Both beautiful girls who will need new slaves around 6 weeks time.

Anybody interested, you know where I am.


----------



## catcoonz (Aug 4, 2012)

This is Florence.


----------



## JaimeandBree (Jan 28, 2014)

What lovely little fluffies! Miss Florence needs to grow into her ears! 

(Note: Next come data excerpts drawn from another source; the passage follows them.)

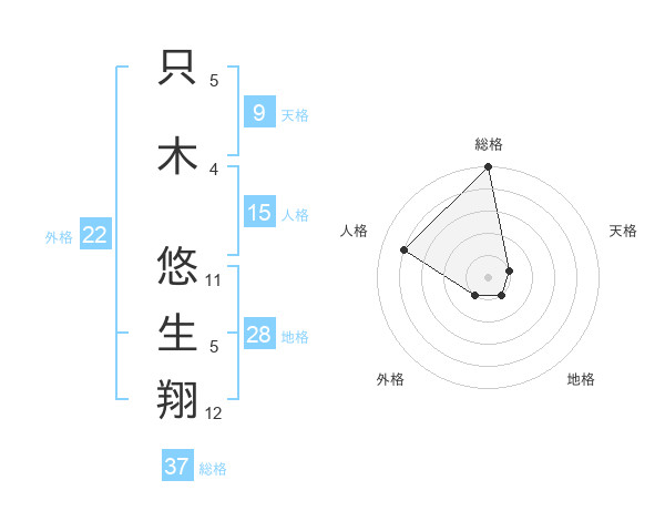 只木 悠生翔さんの総格は37画の5点!
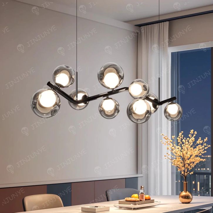 Lampu Gantung Minimalis Modern 9 Bola Kaca Abu-abu Lampu Hias Gantung Mini Bar R Tamu Pendant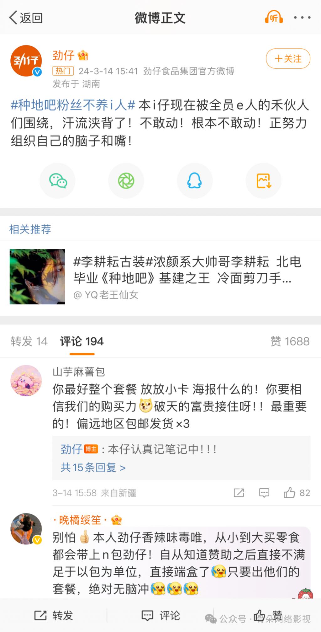 还有《种地吧》第二季的赞助商劲仔,从未针对 " 赞助《种地吧》" 这件事进行大肆宣传。但《种地吧》的粉丝在片尾的贴片发现这位老实本分的 " 金主爸爸 " 后,反而主动为其创造出了 # 种地吧粉丝不养 i 人 # 等热搜话题," 种地圈知名哑巴金主,kuku 花钱但闷不吭声,你真的我哭死!"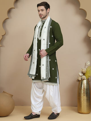 Embroidered Silk Blend Kurta Salwar and Dupatta Set for Men

Hope they both find homes soon xxx


----------



## catcoonz (Aug 4, 2012)

Miss Florence also needs to learn sitting pretty and purring will not get her my dinner.


----------



## Maiaetta (Jul 3, 2014)

Oh they are beautiful


----------



## Mum to Missy (Aug 13, 2013)

I think Trudy is adorable, Florence too, but for me it's Trudy by a whisker


----------



## Maiaetta (Jul 3, 2014)

I like Florence's ears &#10084;&#65039;&#10084;&#65039;&#10084;&#65039;&#128522;


----------



## Polski (Mar 16, 2014)

Trudy is actually my dream cat, always wanted a fluffy tuxedo unfortunately i'm at my limit


----------



## Polly G (Apr 30, 2013)

I am sure these beautiful little girls will be snapped up in no time. Good luck babies x


----------



## catcoonz (Aug 4, 2012)

Trudy & Florence both have new homes to go to and will stay together.


----------



## JaimeandBree (Jan 28, 2014)

Hooray, gald to hear this, hope the new owners keep the names they' so cute!


----------



## Mum to Missy (Aug 13, 2013)

Great news they have found their forever home  xx


----------